09/2001: Gesetz zur Qualitätssicherung und zur Stärkung des Verbraucherschutzes in der Pflege (Pflege-Qualitätssicherungsgesetz)

Gesetz vom 09.09.2001

Inkrafttreten: 01.01.2002

 

Wesentliche Inhalte:

  • Qualitätssicherung und -prüfung: Jede Pflegeheim und jeder Pflegedienst wird verpflichtet, ein umfassendes, einrichtungsinternes Qualitätsmanagement einzuführen. Unabhängige Sachverständige müssen in regelmäßigen Abständen die Qualität der Einrichtung nachprüfen.

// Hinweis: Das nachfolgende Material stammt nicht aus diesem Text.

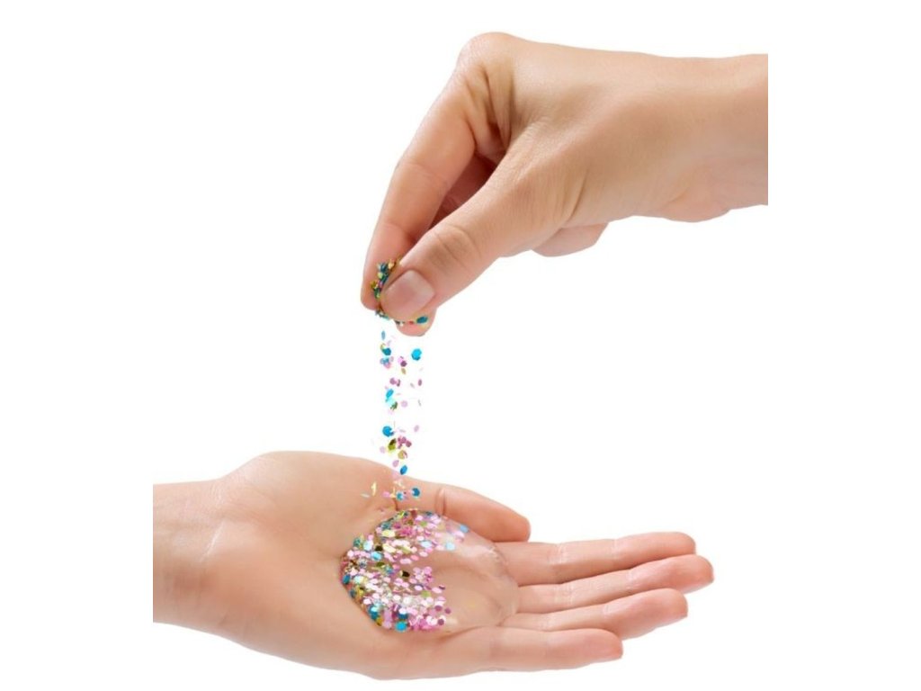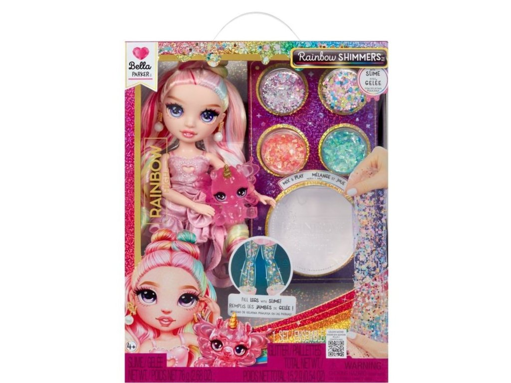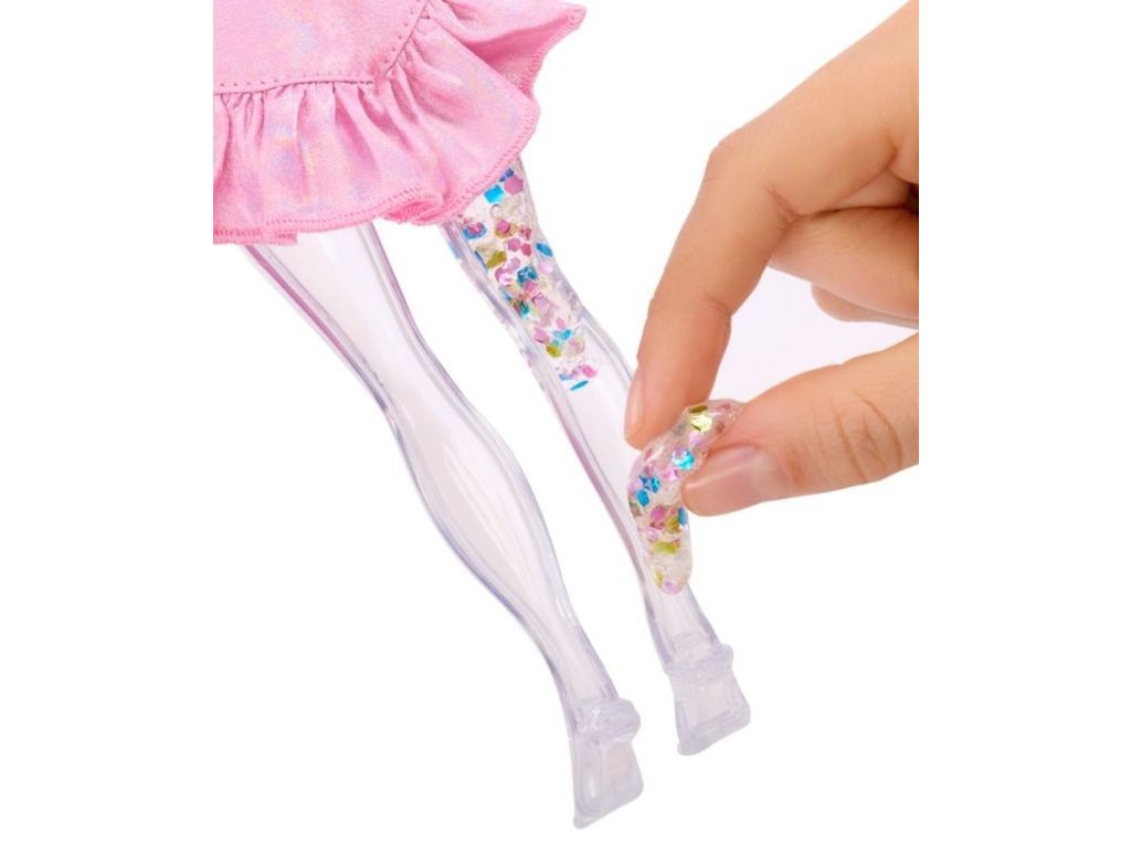 Rainbow High panenky jsou ještě kouzelnější! Společně se svými malými sestřičkami objevují nový svět, nové outfity a zcela nový způsob hraní. Každá panenka přichází s průhledným slizem a čtyřmi druhy třpytek. Třpytky přidej do slizu a uprav ho podle své fantazie. Poté sliz dej do průhledných nohou panenky a sleduj, jak se její nohy promění! Je to tak snadné! Sundej zadní část nohou, přidej sliz, zacvakni nohy zpět a můžeš si hned hrát! A to nejlepší? Můžeš to dělat znovu a znovu. Nebo můžeš třpytky a sliz kombinovat mezi různými panenkami.
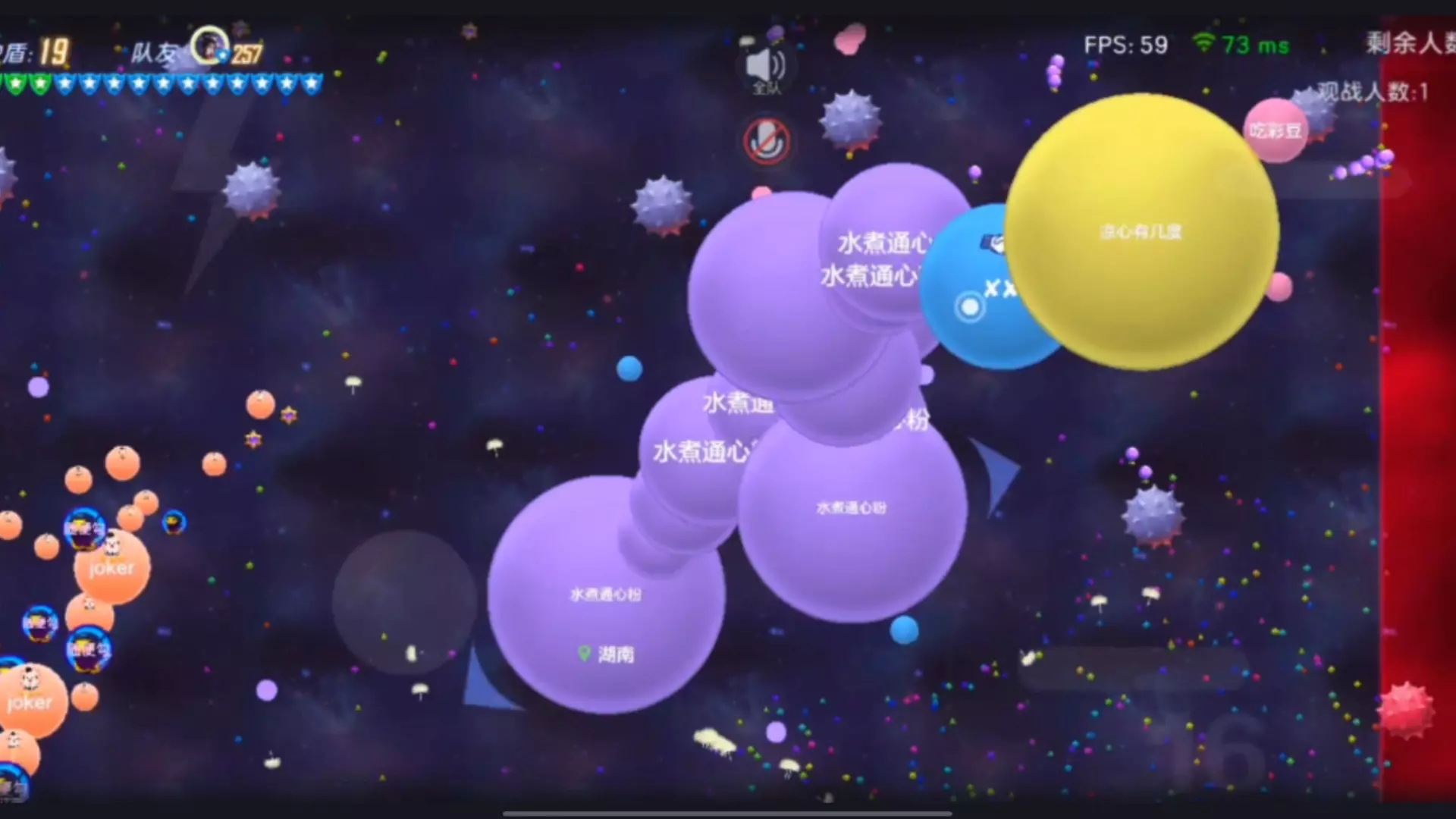 这是《球球大作战》撞车生存模式的游戏内容,玩家“路飞”一局游戏达成200头的超高战绩,疑似开外挂,引发质疑,视频展示了其快速吞噬、其他玩家给其送球的离谱对局过程。
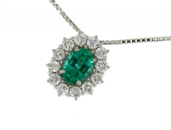 Girocollo Mirco Visconti in oro bianco 18kt con Smeraldo taglio ovale 0,79ct COLOM. e contorno di diamanti 0,50ct G Vs
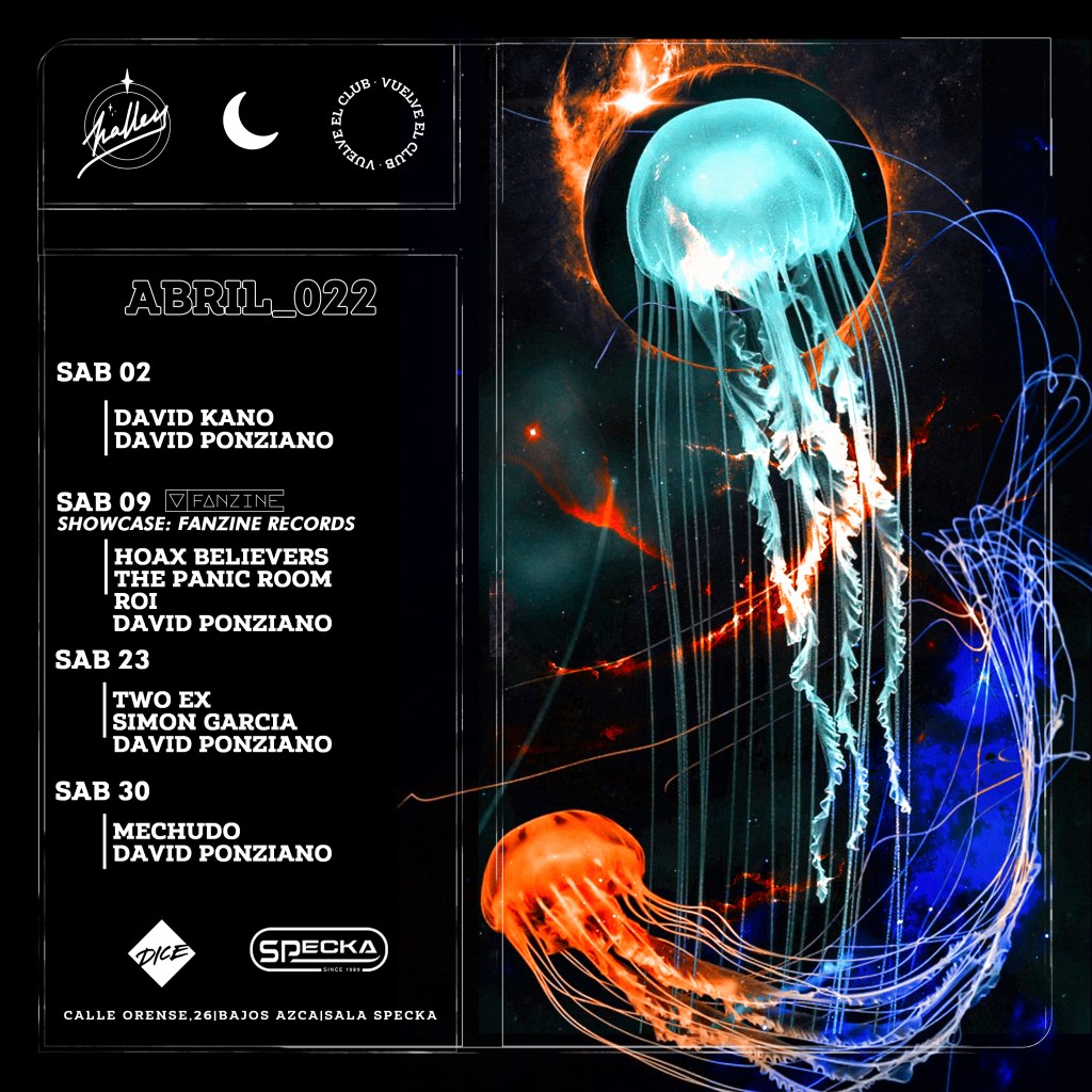 El segundo sábado del mes, dando paso a la Semana Santa, viene con el showcase de Fanzine Records. Proyecto formado en A Coruña en 2008 y que mantiene un claro objetivo: favorecer el crecimiento de la cultura de vanguardia de la electrónica en su región. Para esta fecha nos visitan Hoax Believers , The Panic Room y Roi.
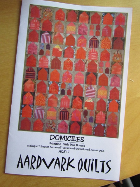 You could add black strips to each side of our blocks and put them together in a straight set for a similar effect to Aardvark Quilts’ Domiciles.
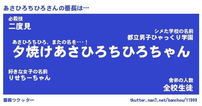 | 伝説のあだ名 | 『封印されしスナイパーあさひろちひろ』 |
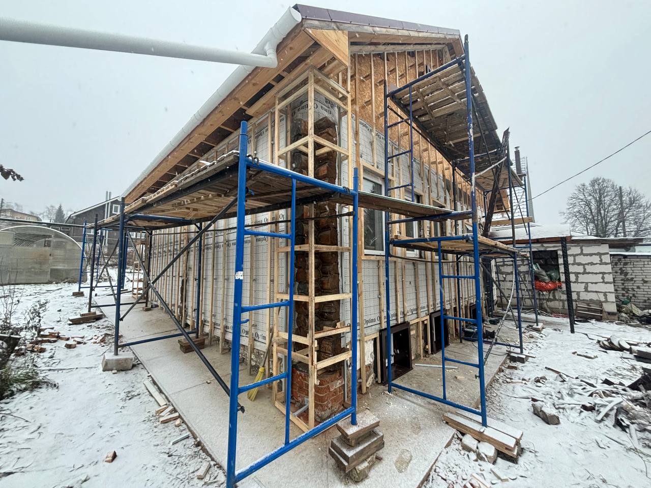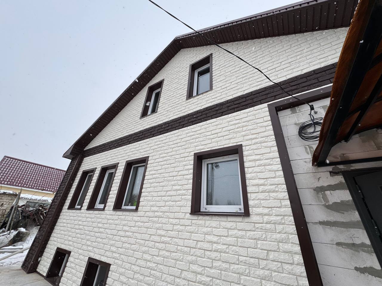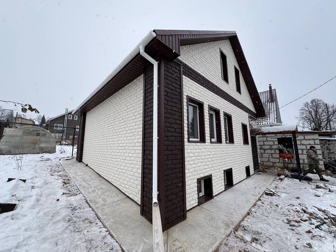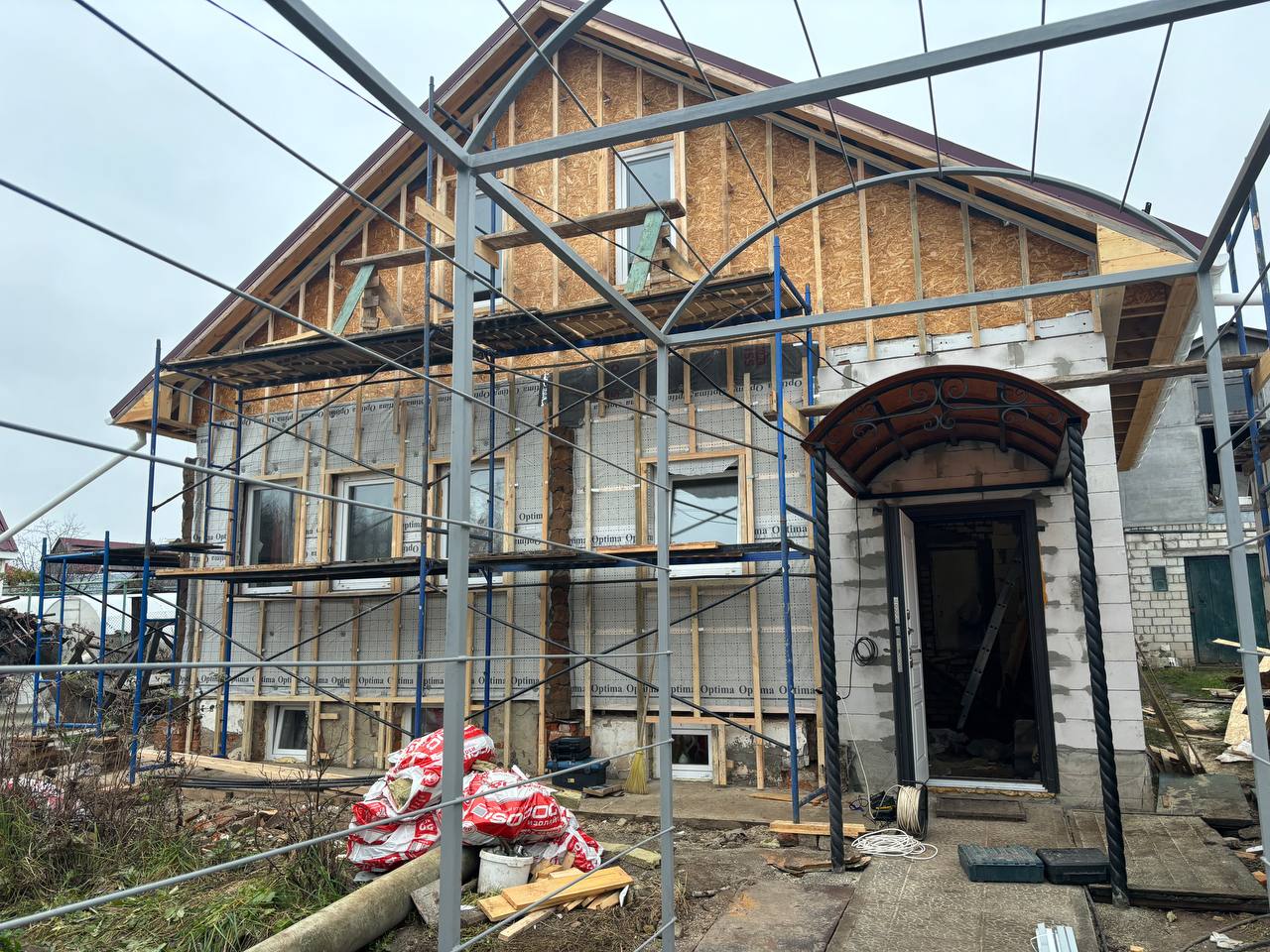 Каркас, утепление, подшив карнизов черновых/чистовых, оконные обрамления, отделка цоколя, доставка, отливы, водостоки демонтаж/монтаж. И т.д.

  • Personalausstattung: Die Pflegeeinrichtungen und ihre Verbände erhalten Instrumente an die Hand, um mit den Kostenträgern Vereinbarungen treffen zu können, die den erforderlichen Personalaufwand gebührend berücksichtigen. Für jedes Heim müssen Leistungs- und Qualitätsvereinbarungen und auf Landesebene Personalrichtwertvereinbarungen getroffen werden.

  • Verbraucherschutz: Durch verstärkte Beratung und Information können die Pflegebedürftigen und ihre Angehörigen ihre Rechte wirksamer wahrnehmen. Pflegekassen können sich an kommunalen Beratungsangeboten beteiligen.

  • Zusammenarbeit mit der Heimaufsicht: Im stationären Bereich wird die Zusammenarbeit zwischen den Medizinischen Diensten der KV und der staatlichen Heimaufsicht verbessert.